Yup, very nice! I agree with Ron, but also like #3.


----------



## snowbear (Oct 13, 2014)

Number two FTW!!


----------



## jmurphy (Oct 14, 2014)

sm4him said:


> One question:
> Do you have any idea why it crossed the road?



I think just to make it harder for me to take it's picture!

Glad you guys like the pics. Number two is my favorite as well. I really wish I had a lens that could focus at close range on. I was having trouble keeping enough distance between me and them to focus.


----------



## mrs.hankIII (Oct 14, 2014)

Chop it's head off, put it in a pot of boiling water, pluck the feathers off and roast it! Why is there not a photo of the finished product? That's the only way to enjoy a chicken, haha!


----------



## goooner (Oct 14, 2014)

#2 is my favourite haha. Nice shots!


----------



## waday (Oct 14, 2014)

#2 is the best!



sm4him said:


> EXCELLENT shots!
> 
> One question:
> Do you have any idea why it crossed the road?



I think to get away from @mrs.hankIII...



mrs.hankIII said:


> Chop it's head off, put it in a pot of boiling water, pluck the feathers off and roast it! Why is there not a photo of the finished product? That's the only way to enjoy a chicken, haha!


----------



## Stradawhovious (Oct 14, 2014)

Because I never get tired of posting it...

https://isotropic.org/papers/chicken.pdf

You're welcome.


----------



## Warhorse (Oct 14, 2014)

#2 and #3 are my favorites, nice chicken.


----------



## Vince.1551 (Oct 14, 2014)

I like #2. Looks and feels really gansta (chicken style)


Sent from my iPhone using Tapatalk


----------



## limr (Oct 14, 2014)

Stradawhovious said:


> Because I never get tired of posting it...
> 
> https://isotropic.org/papers/chicken.pdf
> 
> You're welcome.



I just laughed so loud that I scared one of the cats.
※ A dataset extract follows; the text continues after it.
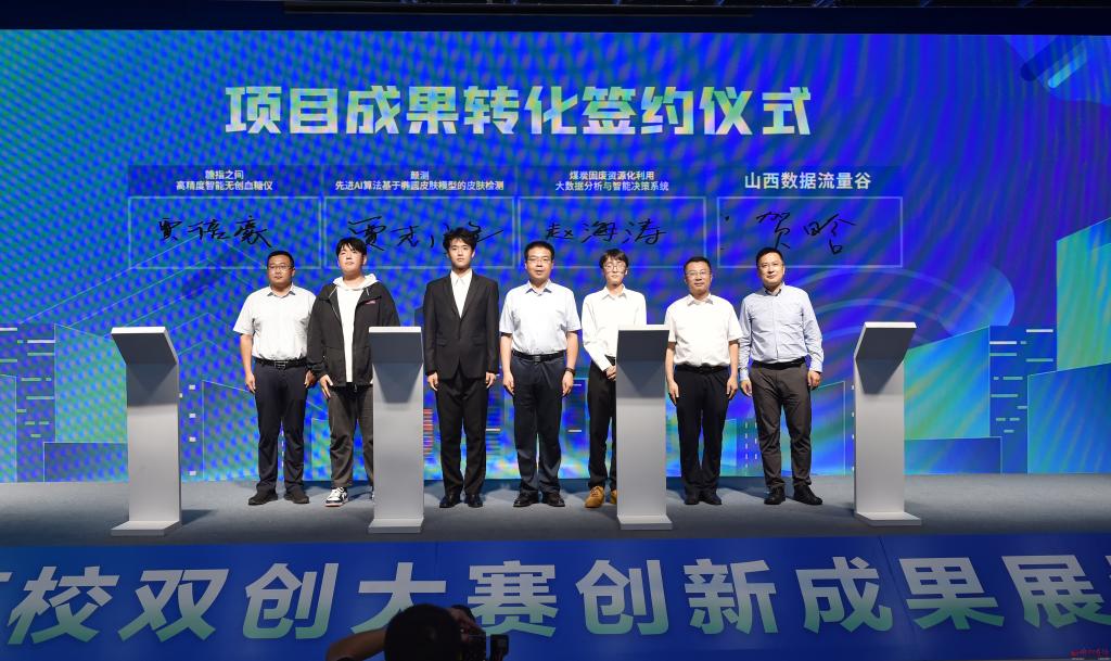 項(xiàng)目成果轉(zhuǎn)化簽約儀式現(xiàn)場。馮曉磊 攝 9月16日,首屆數(shù)字經(jīng)濟(jì)高校雙創(chuàng)大賽創(chuàng)新成果展示暨頒獎典禮在忻州舉辦。省委書記藍(lán)佛安致賀信,教育部副部長、黨組成員孫堯發(fā)表視頻致辭,省委常委、統(tǒng)戰(zhàn)部部長徐廣國出席活動。省委統(tǒng)戰(zhàn)部副部長、省工商聯(lián)黨組書記陳旭忠,省教育廳黨組書記、廳長馬駿,省工商聯(lián)主席景普秋,省科協(xié)黨組書記、副主席丁紀(jì)崗,市委書記朱曉東,市委副書記、市長李建國,省委統(tǒng)戰(zhàn)部副部長郭延斌,省工信廳副廳長尚阿浪,團(tuán)省委副書記陳鍇,省工商聯(lián)副主席李劍英,副市長、太忻經(jīng)濟(jì)一體化發(fā)展忻州區(qū)運(yùn)營中心黨委書記、主任王建峰出席活動。 藍(lán)佛安在賀信中指出,當(dāng)今時(shí)代,數(shù)字浪潮正以迅速崛起、深度滲透的姿態(tài)席卷而來,成為影響全球格局、重塑競爭秩序、加速時(shí)代變革的重要力量。近年來,山西深入學(xué)習(xí)貫徹習(xí)近平總書記關(guān)于發(fā)展數(shù)字經(jīng)濟(jì)的重要論述,認(rèn)真貫徹落實(shí)黨的二十大關(guān)于“加快建設(shè)網(wǎng)絡(luò)強(qiáng)國、數(shù)字中國”的重大部署,大力推動產(chǎn)業(yè)數(shù)字化和數(shù)字產(chǎn)業(yè)化,全省數(shù)字經(jīng)濟(jì)跑出加速度、邁上新臺階。省委十二屆六次全會明確將推動數(shù)字經(jīng)濟(jì)發(fā)展壯大作為六大轉(zhuǎn)型行動之一,必將為山西進(jìn)一步加快轉(zhuǎn)型發(fā)展、奮進(jìn)“兩個基本實(shí)現(xiàn)”目標(biāo)注入強(qiáng)勁動能。 藍(lán)佛安強(qiáng)調(diào),數(shù)字經(jīng)濟(jì)高質(zhì)量發(fā)展,關(guān)鍵在創(chuàng)新,根本靠人才。數(shù)字經(jīng)濟(jì)高校雙創(chuàng)大賽為大學(xué)生青年才俊擁抱數(shù)字浪潮、投身創(chuàng)業(yè)創(chuàng)新提供了新的平臺,在高校、企業(yè)、資本和創(chuàng)新項(xiàng)目之間搭建了新的橋梁。希望同學(xué)們打牢知識基礎(chǔ)、勇攀科技高峰,以昂揚(yáng)向上的朝氣、敢為人先的銳氣,在探索美好未來、逐夢數(shù)字時(shí)代的征途上大展身手,努力為實(shí)現(xiàn)中華民族偉大復(fù)興的中國夢貢獻(xiàn)智慧和力量。同時(shí),也希望參與和支持本次大賽的省內(nèi)外各高校、企業(yè)和機(jī)構(gòu),攜起手來,加強(qiáng)合作,共創(chuàng)數(shù)字山西美好未來,助力數(shù)字中國建設(shè)。 孫堯在致辭中強(qiáng)調(diào),黨的二十大報(bào)告中指出“教育、科技、人才是全面建設(shè)社會主義現(xiàn)代化國家的基礎(chǔ)性、戰(zhàn)略性支撐”,山西省教育廳和省工商聯(lián)主辦的這場數(shù)字經(jīng)濟(jì)高校雙創(chuàng)大賽,是培養(yǎng)數(shù)字經(jīng)濟(jì)創(chuàng)新創(chuàng)業(yè)人才的有效途徑,也是推動數(shù)字經(jīng)濟(jì)產(chǎn)教融合創(chuàng)新發(fā)展的重要平臺,對促進(jìn)高校學(xué)生創(chuàng)新創(chuàng)業(yè)、推動項(xiàng)目落地見效具有積極作用。希望這些年輕的創(chuàng)業(yè)者繼續(xù)保持創(chuàng)新的激情,成為民營經(jīng)濟(jì)數(shù)字化轉(zhuǎn)型的中堅(jiān)力量。希望大賽持續(xù)舉辦,將其打造為我國數(shù)字經(jīng)濟(jì)領(lǐng)域的一個重要平臺,營造鼓勵創(chuàng)新創(chuàng)業(yè)創(chuàng)造的社會氛圍,推動數(shù)字經(jīng)濟(jì)的蓬勃發(fā)展。 據(jù)介紹,這是全國首個圍繞數(shù)字經(jīng)濟(jì)領(lǐng)域,面向高校學(xué)子的雙創(chuàng)大賽。大賽以“輕輕聯(lián)動·數(shù)實(shí)融合”為主題,旨在為高校、政府、企業(yè)、資本和創(chuàng)新項(xiàng)目之間建立起溝通橋梁,推動數(shù)字經(jīng)濟(jì)領(lǐng)域人才培養(yǎng),助力山西數(shù)字經(jīng)濟(jì)高質(zhì)量發(fā)展。大賽圍繞產(chǎn)業(yè)數(shù)字化、數(shù)字產(chǎn)業(yè)化設(shè)置創(chuàng)新創(chuàng)業(yè)和新媒體雙賽道,通過打造高水平的創(chuàng)新創(chuàng)業(yè)平臺,積極引導(dǎo)高校畢業(yè)生留創(chuàng)本地,助力年輕人實(shí)現(xiàn)創(chuàng)新創(chuàng)業(yè)夢想,共同為山西數(shù)字經(jīng)濟(jì)高質(zhì)量發(fā)展“添磚加瓦”。 大賽自6月5日正式啟動以來,獲得全國60多所高校、近百家數(shù)字經(jīng)濟(jì)企業(yè)的積極響應(yīng),大賽抖音話題#這YOUNG很山西#累計(jì)播放量已突破1.1億次,線上線下累計(jì)參賽人數(shù)超10萬人。創(chuàng)新創(chuàng)業(yè)賽道報(bào)名項(xiàng)目525組,項(xiàng)目領(lǐng)域涵蓋數(shù)字文娛、數(shù)字能源、數(shù)字農(nóng)業(yè)、數(shù)字智造、數(shù)字醫(yī)療、數(shù)字教育、數(shù)字生活、數(shù)字基建等多個方面,最終甄選出12組數(shù)字經(jīng)濟(jì)領(lǐng)域具有引領(lǐng)性和廣闊發(fā)展前景的科技創(chuàng)新成果,培育出一批實(shí)用型數(shù)字經(jīng)濟(jì)人才。新媒體賽道入圍優(yōu)秀作品突破3000個,創(chuàng)作內(nèi)容主要圍繞山西的厚重歷史、自然風(fēng)光、文明古跡、特色美食、人文情懷、數(shù)字經(jīng)濟(jì)發(fā)展等多個角度,最終評選出20個獲獎視頻和12名周冠軍、32名優(yōu)秀創(chuàng)作者,把短視頻打造成為展示山西文化底蘊(yùn)、開放形象和經(jīng)濟(j

Oh god, I'm still laughing, seriously!!

As for the OP, that is one angry-lookin' chicken in #2! Love it!

One more thing. Ebola.


----------



## Scatterbrained (Oct 14, 2014)

<opens thread  - looks at pictures - heads to KFC>


----------



## Stradawhovious (Oct 14, 2014)

Scatterbrained said:


> <opens thread  - looks at pictures - heads to KFC>


 
I hate to break it to you, but the chickens at KFC look nothing like the ones in this thread.  They are golden brown and crunchy with substantially fewer feathers.

<heads to KFC himself... or in my case Popeye's>


----------



## annamaria (Oct 14, 2014)

Number 2 !!!


----------



## Ron Evers (Oct 14, 2014)

Don't mess with mine.


----------



## Stradawhovious (Oct 14, 2014)

jmurphy said:


> 1:
> 
> 
> 
> 10-9-2014 007 by jasonnmurphy, on Flickr


 

Is this one actually crossing the road?

WELL DID YOU ASK HIM WHY???


----------



## mrs.hankIII (Oct 14, 2014)

Ron Evers said:


> Don't mess with mine.
> 
> View attachment 86766


That's quite a large Cock. Biggest one I've seen.


----------



## bigj121 (Oct 15, 2014)

Love #2 and all the witty banter!


----------



## mnmcote (Nov 9, 2014)

I'm really like'n number 2.... Thats my favorite among them all...


----------



## snerd (Nov 9, 2014)

mrs.hankIII said:


> That's quite a large Cock. Biggest one I've seen.


I just love it when you talk like that LOL!!!

  

.....................


----------



## KenC (Nov 10, 2014)

Every time I'm anywhere near a rooster (which is not very often) I understand why people put them in a pot with wine and cook them.


----------